DATA BELOW Block Start

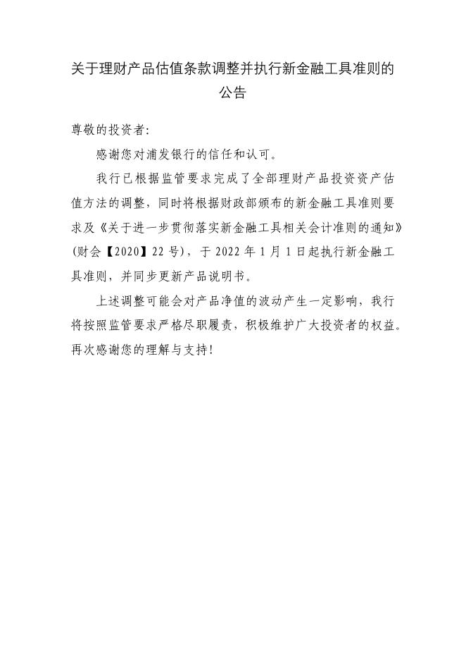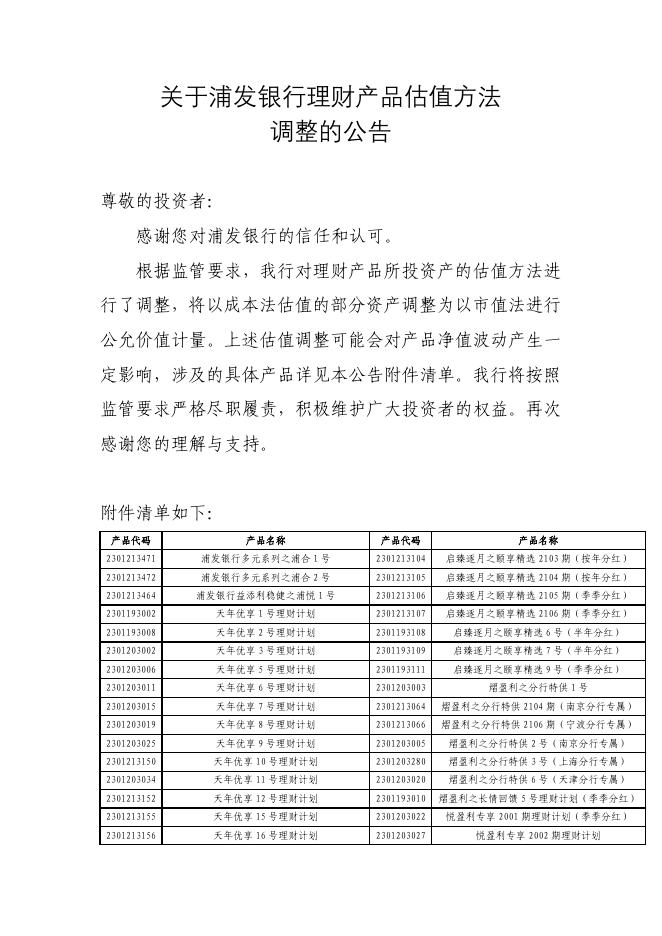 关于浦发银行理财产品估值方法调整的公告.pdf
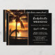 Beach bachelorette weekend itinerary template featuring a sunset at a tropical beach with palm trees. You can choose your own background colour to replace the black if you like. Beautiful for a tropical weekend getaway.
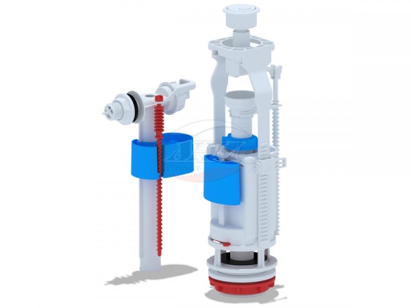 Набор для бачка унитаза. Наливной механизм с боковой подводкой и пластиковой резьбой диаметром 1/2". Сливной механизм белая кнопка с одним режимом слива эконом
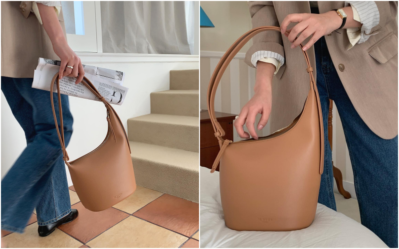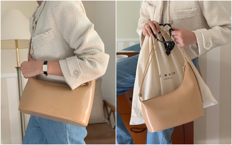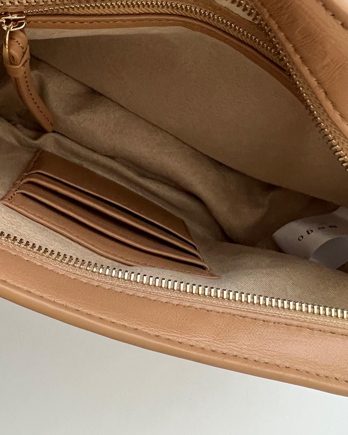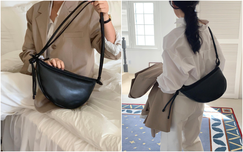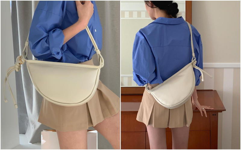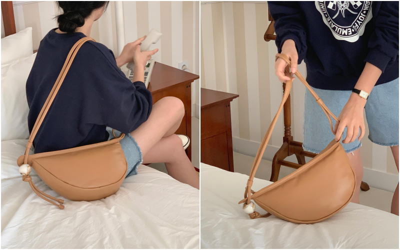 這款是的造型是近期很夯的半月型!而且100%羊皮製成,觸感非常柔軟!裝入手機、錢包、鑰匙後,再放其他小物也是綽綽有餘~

DATA BELOW Block End

= AIM OF THE EXERCISE =
Starting at the line with "Набор для бачка", transcribe the listing above exactly through its last line. No picture belongs in the transcription.

= TASK RESPONSE =
 Набор для бачка унитаза. Наливной механизм с боковой подводкой и пластиковой резьбой диаметром 1/2". Сливной механизм белая кнопка с одним режимом слива эконом
 這款是的造型是近期很夯的半月型!而且100%羊皮製成,觸感非常柔軟!裝入手機、錢包、鑰匙後,再放其他小物也是綽綽有餘~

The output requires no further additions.